> EXERCISE OBJECTIVE
From the material below, return exactly the lines starting at the one that holds "附件:主城區(qū)城市建筑" and ending at the one that holds "The sleek black". Pictures stay out of the answer.

> ENTRIES PROVIDED
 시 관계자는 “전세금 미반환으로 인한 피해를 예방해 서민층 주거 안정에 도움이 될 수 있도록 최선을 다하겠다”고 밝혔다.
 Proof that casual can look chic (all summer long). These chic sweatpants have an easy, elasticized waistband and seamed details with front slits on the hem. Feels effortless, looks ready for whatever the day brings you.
---
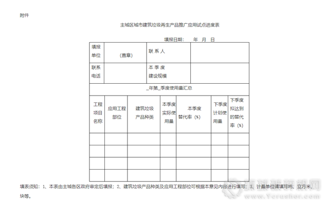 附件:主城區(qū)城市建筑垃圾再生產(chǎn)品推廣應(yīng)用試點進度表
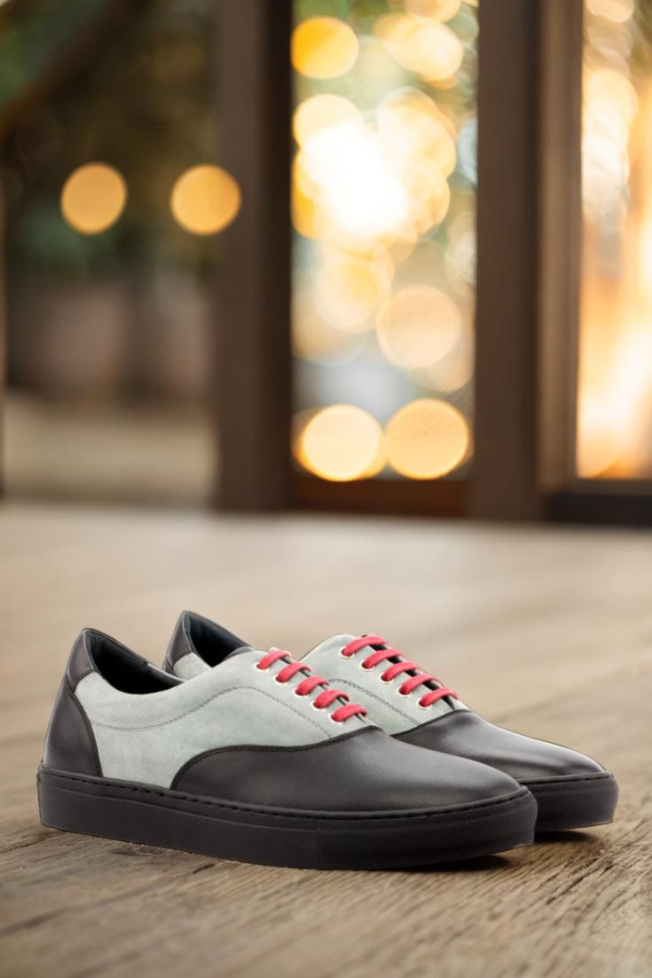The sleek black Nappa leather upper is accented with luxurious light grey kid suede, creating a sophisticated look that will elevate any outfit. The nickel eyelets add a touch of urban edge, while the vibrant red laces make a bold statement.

> OUTPUT FOR THIS EXERCISE
 附件:主城區(qū)城市建筑垃圾再生產(chǎn)品推廣應(yīng)用試點進度表
The sleek black Nappa leather upper is accented with luxurious light grey kid suede, creating a sophisticated look that will elevate any outfit. The nickel eyelets add a touch of urban edge, while the vibrant red laces make a bold statement.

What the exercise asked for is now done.